Hello, My Future Wife
Thank you for responding to my online dating ad. Allow me to give you a tour of the home that we can share together.
Here is my bookshelf. We can fill it with your favorite books, like "Twilight" if you like.
Here is my opulent bathroom. See the bidet? That is like a shower for your butt.
We can take a bath together while looking at my beautiful murals. I'll make a shampoo mohawk for myself, tee hee.
I've slipped into something more confortable for the rest of the tour of your potential new home.
Whoa whoa not so fast, madam! I'm not that kind of guy you can get into bed right away.
But..... just in case I have slipped into my pajamas.
You do not want to also put on the pajamas?
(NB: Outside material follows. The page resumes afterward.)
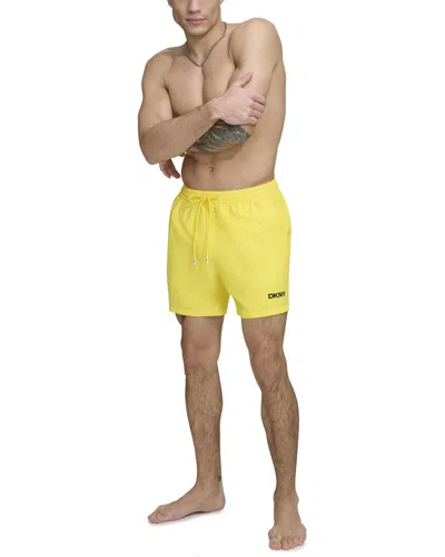 DKNY Modern Euro Core Solid Swim Trunk In Yellow

Ok, ok.
Here I am in my office. I am a busy businessman. Do you see my papers? They are Business Papers.
Care for a golden shower? You see, the fixtures in my shower are made of gold. Wait don't leave...
I am a man of exquisite taste in art and clothing.
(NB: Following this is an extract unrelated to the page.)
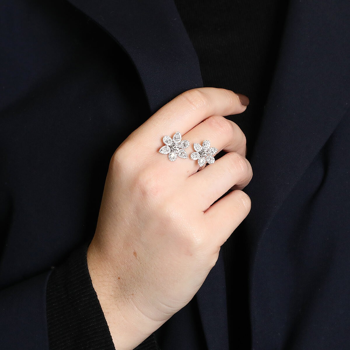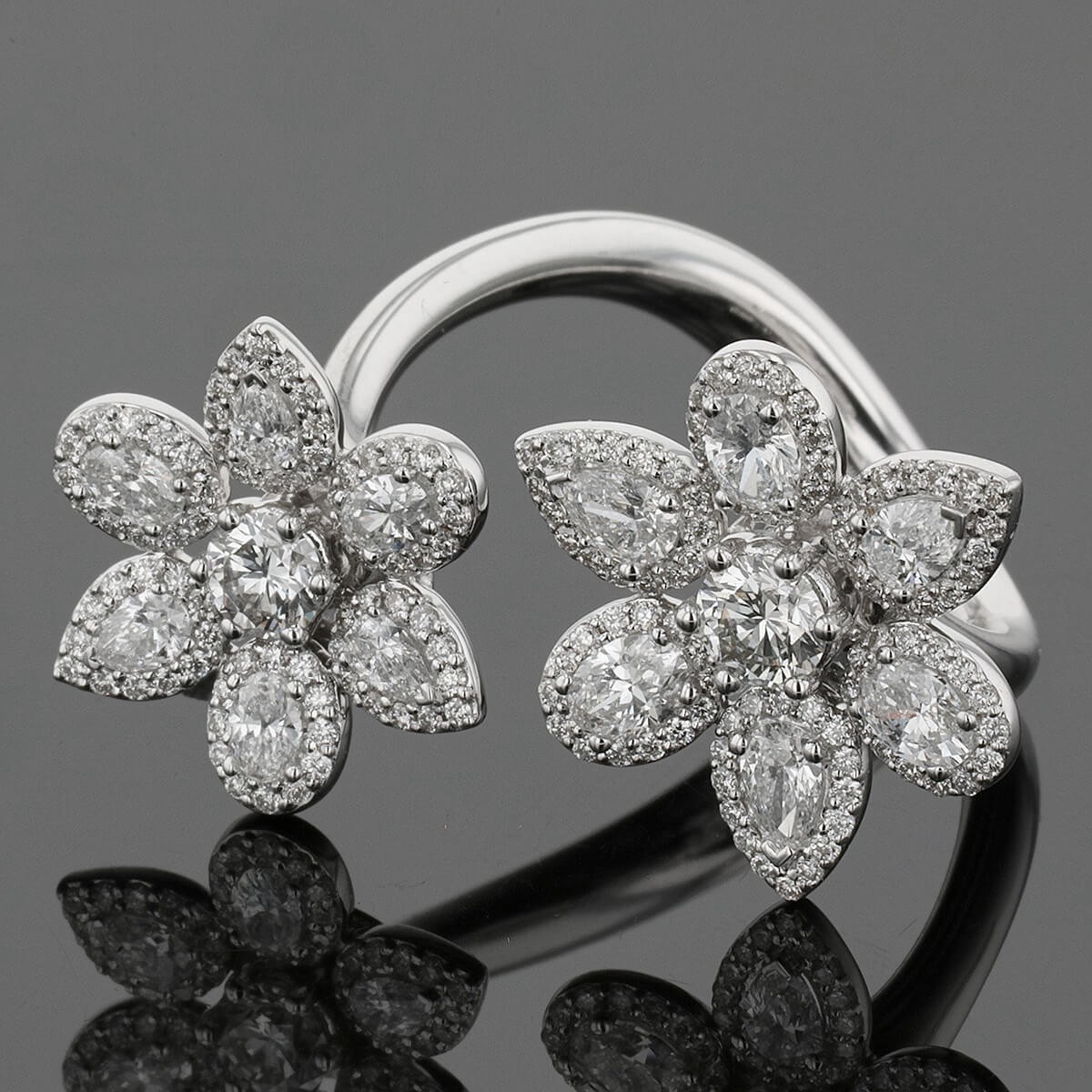 Bague en or blanc, centrée de deux motifs de fleurs serties de diamants taille poire, taille ovale et taille rond facetté.

My home DOES have central heating, but sometimes I turn it off just so I can relax in my furs.
There is a family of raccoons that live in this tree. They have been terrorizing me, but I will exact my revenge.
I am an excellent chef, and I love to cook. Do you like toast and popcorn?
Here is my opulent dinner table. We can host many parties with our friends. As long as the raccoons stay away.
One time I caught the raccoon staring at me through the window while I took my bath. I was haunted by his beady eyes.
Please, come sit by me, my flower.
Wait, where are you going? I hope you were not turned off by the raccoons.
I am ready for you now, my princess.